I will conclude with noticing that the apathy and listlessness of the Haytians, mentioned by Mackenzie in 1826, might apply to the present day, as well as his reference to the lean dogs and leaner pigs which infest the capital. He heard an Englishman say one day, “D—— these Haytians; they can’t even fatten a pig.”

The Mulattoes.

“They hate their fathers and despise their mothers,” is a saying which is a key to the character of the mulatto. They hate the whites and despise the blacks, hence their false position. That they are looked down upon by the whites and hated by the blacks is the converse truth, which produces an unfortunate effect upon their character. They have many of the defects of the two races, and few of their good qualities. Those who have never left their country are too often conceited, and presumptuous to a degree which is scarcely credible; whilst many who have travelled appear but little influenced by bright examples of civilisation, or by their intercourse with civilised nations, retaining but the outward polish of a superficial French education. Foreigners who casually meet Haytians are often only struck by their agreeable manners, but to understand their real character one must live among them, hear their talk among themselves, or read the newspapers published for local circulation.

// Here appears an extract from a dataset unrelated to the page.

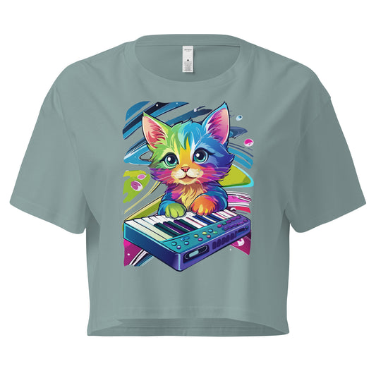 Cosmic Keyboard Kitten Relaxed Crop Tee

Travel, indeed, has little outward effect on the majority; and they return to their own country more presumptuous than ever. It has struck many attentive observers that this outward parade of conceit is but a species of protest against the inferior position they occupy in the world’s estimation, and that with their advance in civilisation and education they will rise in the opinion of others, and thus lose the necessity for so much self-assertion. I believe this to be highly probable, but until the mulattoes are convinced of their present inferiority, the improvement must be slow indeed.

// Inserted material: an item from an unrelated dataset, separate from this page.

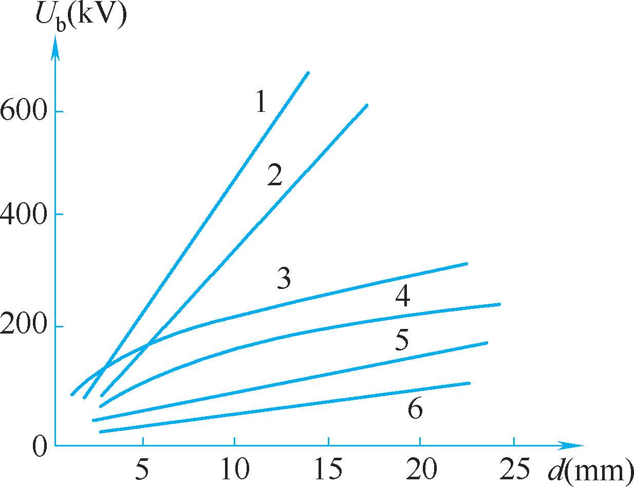 图1-40 均匀电场中几种绝缘介质的击穿电压与距离的关系

It may be remarked, however, that those who have been educated in Europe from their earliest years show few or none of those defects which are implanted in them by their early associations. I have known coloured men whose first real knowledge of their own country was acquired in manhood, who were in every respect equal to their white companions, as manly and as free from absurd pretensions, and naturally without that dislike of foreigners which is instilled into home-educated mulattoes. These men, knowing the consideration in which they were held by all, had no necessity for any self-assertion.

The early training in Hayti is much at fault; their mothers, generally uninstructed, have themselves but few principles of delicacy to instil into their children’s minds. I will mention a case in illustration. A lady was asked to procure some article for a foreign visitor. She readily undertook the commission, and sent her son, a boy of ten, to seek the article. He returned shortly afterwards and said to his mother, “Our neighbour has what you want, but asks twenty-seven paper dollars for it.” “Go and tell our friend that you have found it for forty, and we will divide the difference between us.” A mutual acquaintance heard of this transaction, and subsequently reproached the lady for the lesson of deceit and swindling she had taught her child; she only laughed, and appeared to think she had done a very clever thing. The subsequent career of that boy was indeed a thorn in her side.

Their financial morality is very low indeed. A friend of mine expressing his surprise to one of the prettiest and most respectable girls in Port-au-Prince that such open robbery of the receipts of the custom-house was permitted, received for answer, “Prendre l’argent de l’état, ce n’est pas volé.”—“To take Government money is not robbery.” With such ideas instilled into the minds of all from their earliest youth, it is scarcely to be wondered at that the Haytians grow up to be completely without financial honour. Truth is another virtue which appears to be rarely inculcated by parents, and this perhaps may be accounted for by their origin. Slaves are notoriously given to falsehood, and this defect has been inherited by succeeding generations, and can scarcely be eradicated until a higher moral teaching prevails.